Trying to make up precious seconds, he slowed as he neared the dangerous spot and made his reentry to the road as smooth as possible.
He could see her taillights in the distance and gave the Maserati all he could. Surely she was thinking this was her shot at escaping and he needed to catch up pronto.
That was when he saw the eyeshine.
Their reckless driving through the field had stirred up the deer. A group of five—at least—were on the move. He saw them closing in on the road and held his breath.
When they bounded into Aurelia’s path, her brake lights flashed. The car lurched to the left, then right. One deer rolled up the hood and, legs flailing at broken angles, flew over the roof to skid along the road, while a second deer broke through the now-cracked windshield. The car slid from the road, hit the ditch, and began to roll.
Johnny left his vehicle on the road, hazard lights flashing, and raced toward the 650i. It must have rolled eight or nine times; it was deep in the darkened field—the car’s headlamps had shattered. He passed the de
ad deer; it had been tossed off the windshield as the car spun. He hurried onward, scenting the air, searching for the tang of human blood. All he picked up was damp foliage, metal, and motor oil.
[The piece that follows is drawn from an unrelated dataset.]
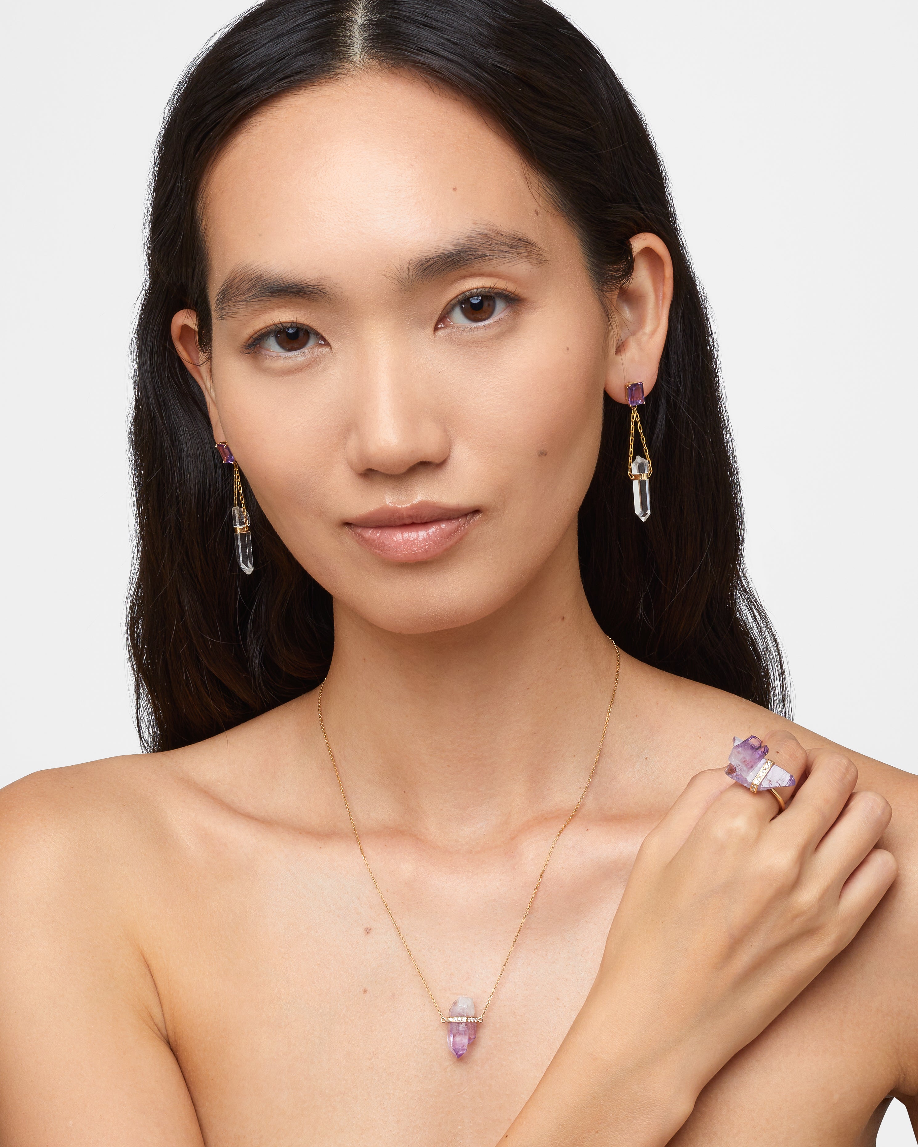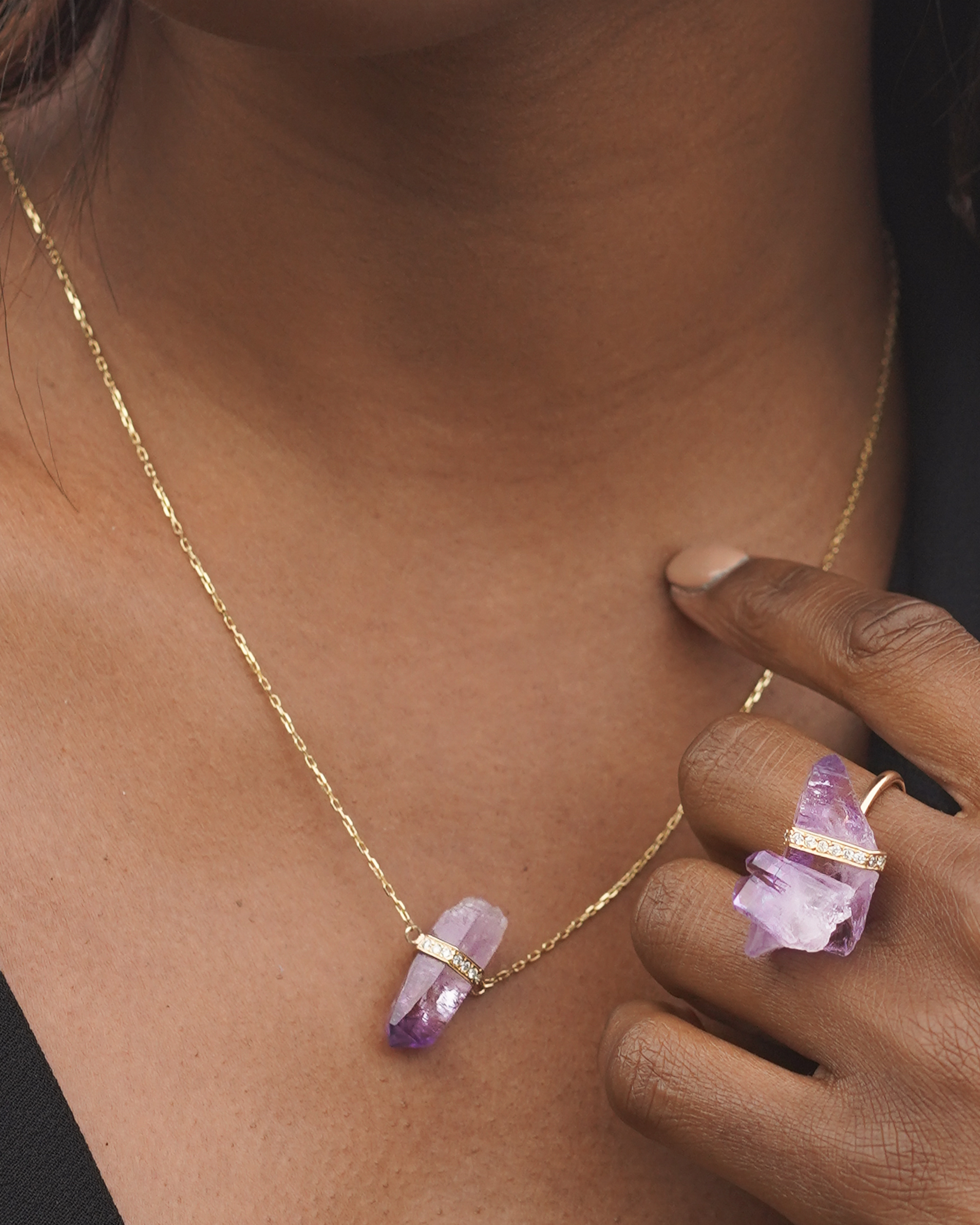 Above, a collection of raw amethyst crystals ethically sourced from Brazil for JIA JIA jewelry pieces

Luckily the car had come to rest right side up, but it was crushed and crumpled. Even as he neared, the motor sputtered and died. His last few steps stalled.
What if she’s dead?
What if she isn’t?
She lay very still inside, her head drooped forward. He could not tell if she was breathing.
His fingers tried to curl around the door handle. It had compressed almost flat from the impact. He hurried to the other side. Smashed, but not as much.
Concentrating, he stretched his index finger into a thin claw. This fit under the handle. He lifted and pulled. The door didn’t want to open. Using both hands on the now-raised handle, he yanked with all his might.
When finally the metal screeched and the door scraped open, the dome light flickered on. The scent of blood was suddenly strong. Instantly his beast roared within him and his mouth began to water.
No.
“Aurelia.” He sank into the passenger seat. He looked her over and she seemed to be in one piece, nothing obviously broken. Her purse had fallen to cover her feet. Tentatively he touched her arm. “Aurelia.”
Nothing. He knew better than to move her, but he reached up and pushed her hair from her face. Her nose was bloodied. More of the red fluid trickled down the left side of her neck and he could not tell if it was from her scalp or her ear. He touched her cheek, letting the heel of his hand rest under her nose lightly. He could feel the warmth of a shallow breath on his skin.
She was alive. For now.
Implications bounced around his mind. She was alive, but if injured as badly as she apparently was, would she be able to check in and keep the information about Evan from leaking out? He wondered how much time he had to reveal this news the way he wanted to.
He jerked his phone from his pocket, opened it, and searched through the numbers for Doc Lincoln, the veterinarian who treated wæres. Before he could queue it up, Aurelia moaned. The sound grew into a cry of agony as she tried to lift her head.